NVIDIA has issued a renewed advisory encouraging customers to activate System Level Error-Correcting Code (ECC) protections to defend against Rowhammer attacks targeting GPUs equipped with GDDR6 memory.
This heightened warning follows recent research from the University of Toronto demonstrating how practical Rowhammer attacks can be on NVIDIA’s A6000 graphics processor.
“We ran GPUHammer on an NVIDIA RTX A6000 (48 GB GDDR6) across four DRAM banks and observed 8 distinct single-bit flips, and bit-flips across all tested banks,” the researchers explained. “The minimum activation count (TRH) to induce a flip was ~12K, consistent with prior DDR4 findings.”
Using these induced bit flips, the researchers performed what they described as the first machine learning accuracy degradation attack leveraging Rowhammer on a GPU.
Rowhammer exploits a hardware vulnerability where repeatedly accessing a memory row can cause adjacent memory cells to change state, flipping bits from 1 to 0 or vice versa. This can lead to denial-of-service issues, corrupted data, or even potential privilege escalation.
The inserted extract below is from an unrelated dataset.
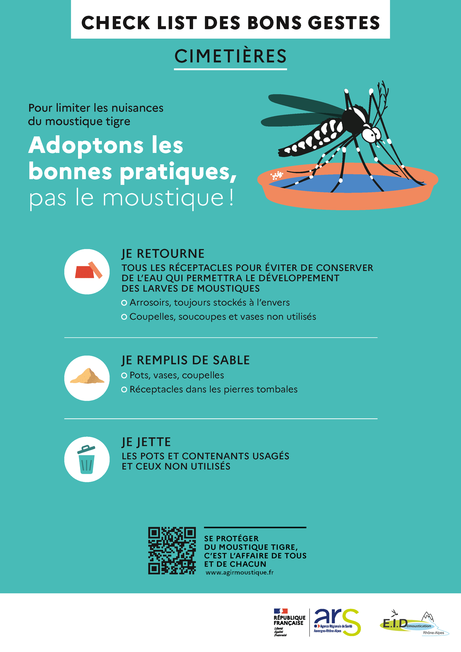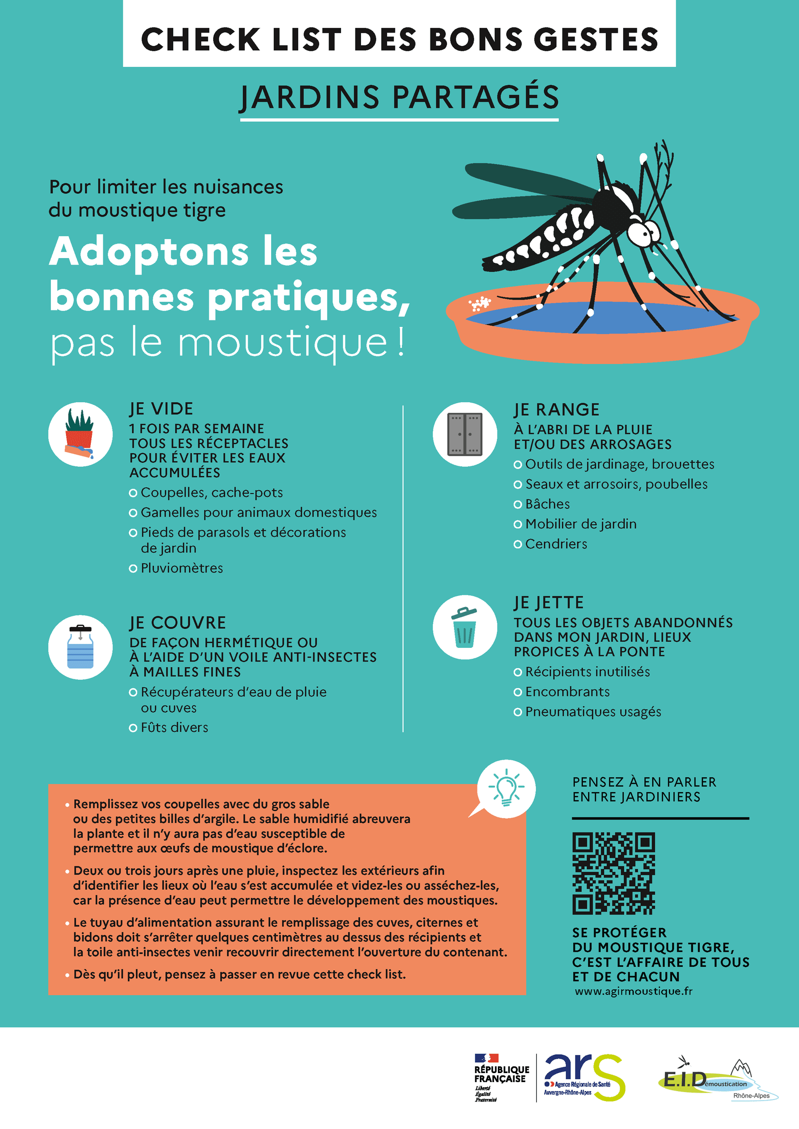 L’Entente Interdépartementale pour la Démoustication est un établissement public chargé de la lutte contre les moustiques et de la gestion des zones humides. Découvrez comment agir chez vous contre leur prolifération :

System Level ECC combats such risks by introducing redundant bits that can automatically detect and correct single-bit memory errors, ensuring data remains intact.
NVIDIA emphasized that enabling ECC is particularly critical for workstation and data center GPUs, which handle sensitive workloads like AI training and inference, to prevent serious computational errors.
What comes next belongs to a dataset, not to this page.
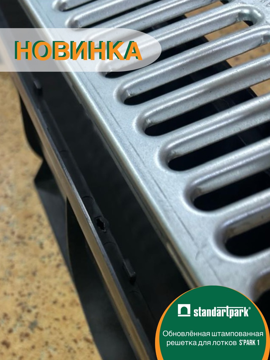 К новому сезону мы усовершенствовали оцинкованную решетку для пластикового лотка S’Park 1. Изменения в конструктиве позволили увеличить площадь водозабороных щелей до 22,5 кв.см и повысить устойчивость к динамическим нагрузкам. Также, оцинкованная решетка достаточно проста в монтаже и обслуживании за счет крепления к лотку при помощи защелок, встроенных в конструкцию изделий. Приобрести комплект S’Park 1 с оцинкованной решеткой уже можно найти на наших сайтах standartpark (ru, by, kz, uz).

The company’s security bulletin confirmed that researchers “showed a potential Rowhammer attack against an NVIDIA A6000 GPU with GDDR6 Memory” in scenarios where ECC had not been turned on.
The GPUHammer technique developed by the academic team successfully induced bit flips despite GDDR6’s higher latency and faster refresh rates, which generally make Rowhammer attacks more challenging compared to older DDR4 memory.
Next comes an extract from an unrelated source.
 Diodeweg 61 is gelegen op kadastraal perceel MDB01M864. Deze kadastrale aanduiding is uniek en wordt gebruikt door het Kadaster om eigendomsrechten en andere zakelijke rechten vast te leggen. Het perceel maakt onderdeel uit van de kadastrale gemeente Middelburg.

Researcher Gururaj Saileshwar told BleepingComputer that their demonstration could drop an AI model’s accuracy from 80% to below 1% with just a single bit flip on the A6000.
In addition to the RTX A6000, NVIDIA strongly recommends enabling ECC on the following GPU product lines:
Data Center GPUs:
- Ampere: A100, A40, A30, A16, A10, A2, A800
- Ada: L40S, L40, L4
- Hopper: H100, H200, GH200, H20, H800
- Blackwell: GB200, B200, B100
- Turing: T1000, T600, T400, T4
- Volta: Tesla V100, Tesla V100S
Workstation GPUs:
- Ampere RTX: A6000, A5000, A4500, A4000, A2000, A1000, A400
- Ada RTX: 6000, 5000, 4500, 4000, 4000 SFF, 2000
- Blackwell RTX PRO (latest workstation line)
- Turing RTX: 8000, 6000, 5000, 4000
- Volta: Quadro GV100
Embedded/Industrial:
- Jetson AGX Orin Industrial
- IGX Orin
Newer GPUs—including Blackwell RTX 50 Series, Blackwell Data Center chips, and Hopper Data Center GPUs—feature built-in on-die ECC protection that requires no manual configuration.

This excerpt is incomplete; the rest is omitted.